Intentional think time. The cheapest thing in 2026 is the next prompt. Send another query, get more output, with less friction than ever. The day fills with movement. But the question that decides whether the movement was worth anything — am I solving the right problem the right way — needs space the prompts don't leave room for. The 100x engineer carves it out anyway. Writes the spec by hand before generating the code. Walks for 20 minutes with a half-formed design before opening the editor. Sits with the wrong-feeling line in the doc instead of asking the model to fix it. The rule that fails at enterprise scale, in Tokenmaxxing, fails for exactly this reason — nobody at the keyboard is doing this work.

The “slow down to speed up” mentality. AI made the first 80% of any task disappear, which makes the last 20% feel like an unreasonable speed bump. The temptation is to push through. The 100x engineer slows down at exactly the moment the tooling lets them speed up. Reads the existing code before writing new. Understands why the previous decision was made before unmaking it. Sketches the architecture by hand before generating the implementation. The 30 minutes spent here saves the three days of debugging-with-the-model later. The Month-Six Bill is what the alternative looks like — the architecture you didn't slow down for, surfaced as a bill six months later.

Balancing intuition with data. Pure intuition without data doesn't scale, because intuition is local to the decider. Pure data without intuition is leaderboard chasing — which is how Amazon ended up shutting down Kirorank. The 100x engineer uses both: intuition to know what's worth measuring, data to validate or kill the intuition. We made the broader case in Tokens Are Not the Metric.

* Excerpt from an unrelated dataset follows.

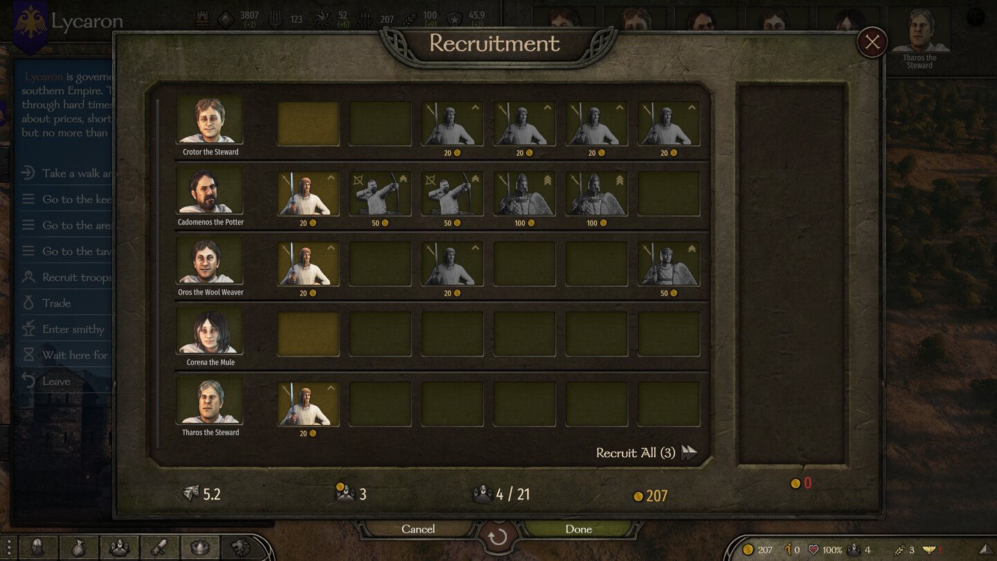 Militär: Wenn ihr verstärkt auf Krieg und Kampf setzt, solltet ihr entweder als Vlandian beginnen oder in der Fraktion des Empire. Die Truppen eines Vlandian sammeln 20 Prozent mehr Erfahrung und das Empire ist super darin, Belagerungsgeräte zu reparieren.

Doing this runs against the grain. Even the company selling the tokens measures by volume. Sam Altman recently called it an embarrassment that OpenAI's top customer burns more tokens than OpenAI's own employees do — not that the customer was wasting tokens, but that internal usage trailed an outside buyer. When the seller's own measurement instinct is volume, expecting the buyers to switch to judgment is a tall order. The three habits above are what it actually takes.

Without them at the wheel, tokens are a throttle on a car with no driver. More tokens raise the ceiling on how fast you go; they do nothing about direction. And direction is the entire job now.

The uncomfortable part

This doesn't democratize the way the demos suggest. Leverage rewards the people who already had judgment and punishes the people who didn't, because it amplifies both. The engineer who knew which problems were worth solving is now genuinely 100x. The one who didn't is now generating 100x of the things they were never sure they should be building.

The gap doesn't close. It widens — and it widens fastest for the people who can least afford it.

The 100x engineer was always going to be the one who'd already done the reps on the hard, un-automatable part: deciding. The modern tools combined with AI just removed every excuse that used to hide that the deciding was the job all along.